Novel Command‐Filtered Event‐Triggered Control for High‐Frequency Gains Nonlinear Systems Under Multiactuator Constraints

• Published in: International journal of adaptive control and signal processing Vol. 39; no. 6; pp. 1149 - 1161
• Main Authors: Jing, Changqi, Liu, Guobao, Li, Shi, Hu, Yifan
• Format: Journal Article
• Language: English
• Published: Bognor Regis Wiley Subscription Services, Inc 01.06.2025
• Subjects: Actuators; Complexity; Constraints; Control systems; Controllers; Filtration; Fuzzy logic; Fuzzy systems; Nonlinear control; Nonlinear systems; Nonlinearity; Redundancy; Tracking control; Tracking errors
• ISSN: 0890-6327; 1099-1115
• DOI: 10.1002/acs.3998

This article proposes an event‐triggered command filtering adaptive fuzzy tracking control strategy for nonlinear systems with multiple unknown high‐frequency gains and actuator constraints. During the design phase, a fuzzy logic system is used to approximate unknown nonlinear functions, whereas a novel equivalent transformation technique is introduced to simplify the design complexity of multiple input constraints by converting the input dead zones and saturation nonlinearities into a unified functional form. Subsequently, command filtering technology is used to address the issue of “complexity explosion” in control systems, and two additional adaptive laws are developed to assist in designing the compensation mechanism, which can both handle multiple unknown high‐frequency gains and eliminate the impact of filtering errors on the control performance.

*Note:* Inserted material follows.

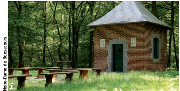
Notre-Dame de Bonsecours

(6,5 km ou 10 km - 1 h 30 à 2 h 00 ou 2 h 30 à 3 h 20)

Furthermore, a relative threshold event‐triggered controller is developed to decrease data redundancy, and the viability of its triggering mechanism is demonstrated by excluding the Zeno phenomenon. The designed controller can ensure that the tracking error converges to a small vicinity near the origin, while all signals within the closed‐loop system remain bounded. Finally, the effectiveness of the proposed solution is validated through simulation results.